We have looked at these regulatory strategies as part of our work as drug development consultants. If you want to know more don’t hesitate to get in touch using the contact form or email Damien at damien.bove@idaconsultants.com

Damien Bové works as a drug development consultant (pharmaceutical or biotechnology), we work with our clients to define a development target, define a development strategy, define a regulatory strategy or define a commercial strategy. Our clients are generally raising funds or looking to license out their technology and we help them achieve it. If you want to know more don’t hesitate to get in touch

→ 3 Comments

Posted in regulatory

Tagged , ,

Data Exclusivity Extends Market Protection to 11 years without a patent being required

Posted on January 19, 2009 by admin| 1 Comment

Data exclusivity is an important tool in the area of pharmaceuticals and biological therapies, when you successfully apply for a product license in many European countries. This period of data exclusivity was originally implemented to cover areas where patent protection was limited.
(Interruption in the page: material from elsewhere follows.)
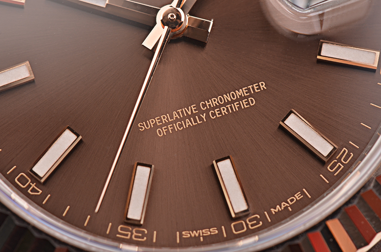 劳力士自产CAL.3235型机芯,自动机械,瑞士天文台认证(COSC)+ 劳力士认证,顺磁性蓝色Parachrom游丝;高性能Paraflex缓震装置,双向自动上链,动力储存约70小时,走时状态极嘉。
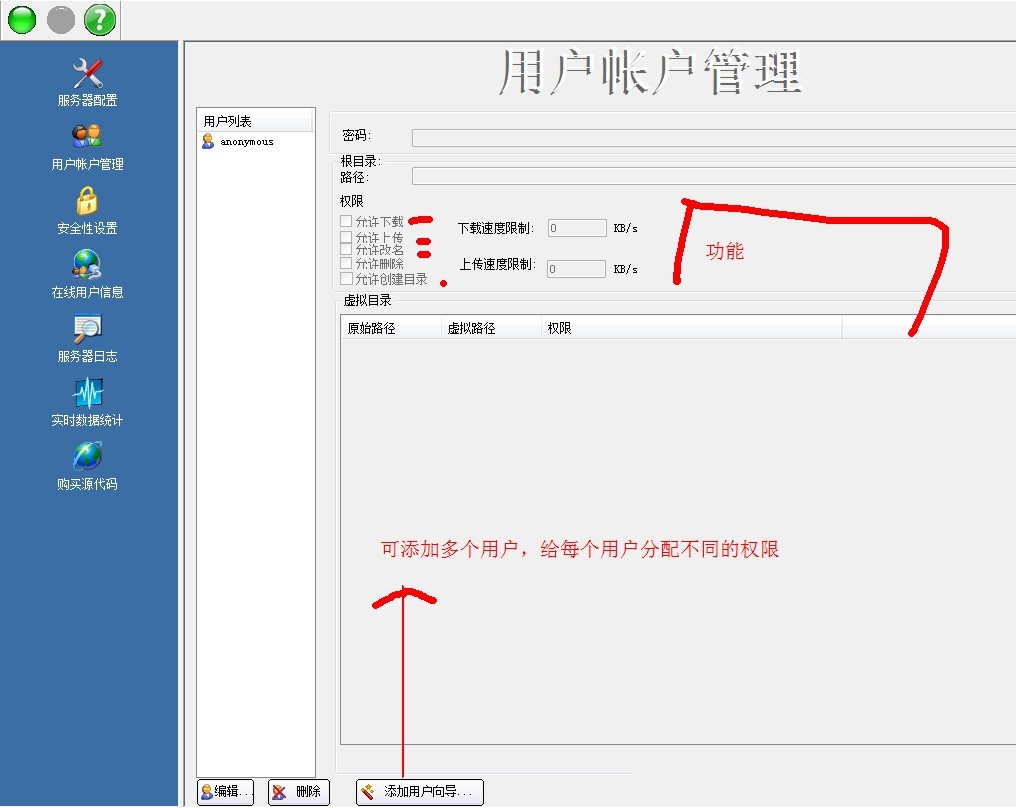 本ftp服务器软件功能非常强大,可用来做公司里面员工直接的文件共享传输服务,可让不同的用户分配不同的权限,如给单一的用户1 设置只允许下载公司里面文件,给用户2设置只允许上传数据等。

When a generic application is made for an existing drug, the pre-clinical and clinical work is not repeated instead the generic applicant references the existing products regulatory filing which the authorities hold. Data exclusivity means that for the period the regulatory authorities will not allow your data to be used for generic applications. This does not guarantee market exclusivity but it does increase the work load and expense required from a generic manufacture who is seeking to launch a product. Data exclusivity last for 8 years in the majority of European countries, then there is an additional 2 years of market exclusivity after this point, during which generic applications can be filed and considered but no licenses will be awarded until the period ends this allows a 10 year market exclusivity. Another important note is that if a new indication is filed in the first 8 years an additional year of data exclusivity can be added on brining total protection up to 11 years. This extra year can also be applied if the product successfully switches from Prescription only to Over the Counter.

This can be a great tool if your seeking a new indication for an existing generic drug, or if your development has taken a long time which has resulted in only a short time left on your patent when you complete your licensing applications.

Damien Bové works as a drug development consultant (pharmaceutical or biotechnology), we work with our clients to define a development target, define a development strategy, define a regulatory strategy or define a commercial strategy. Our clients are generally raising funds or looking to license out their technology and we help them achieve it.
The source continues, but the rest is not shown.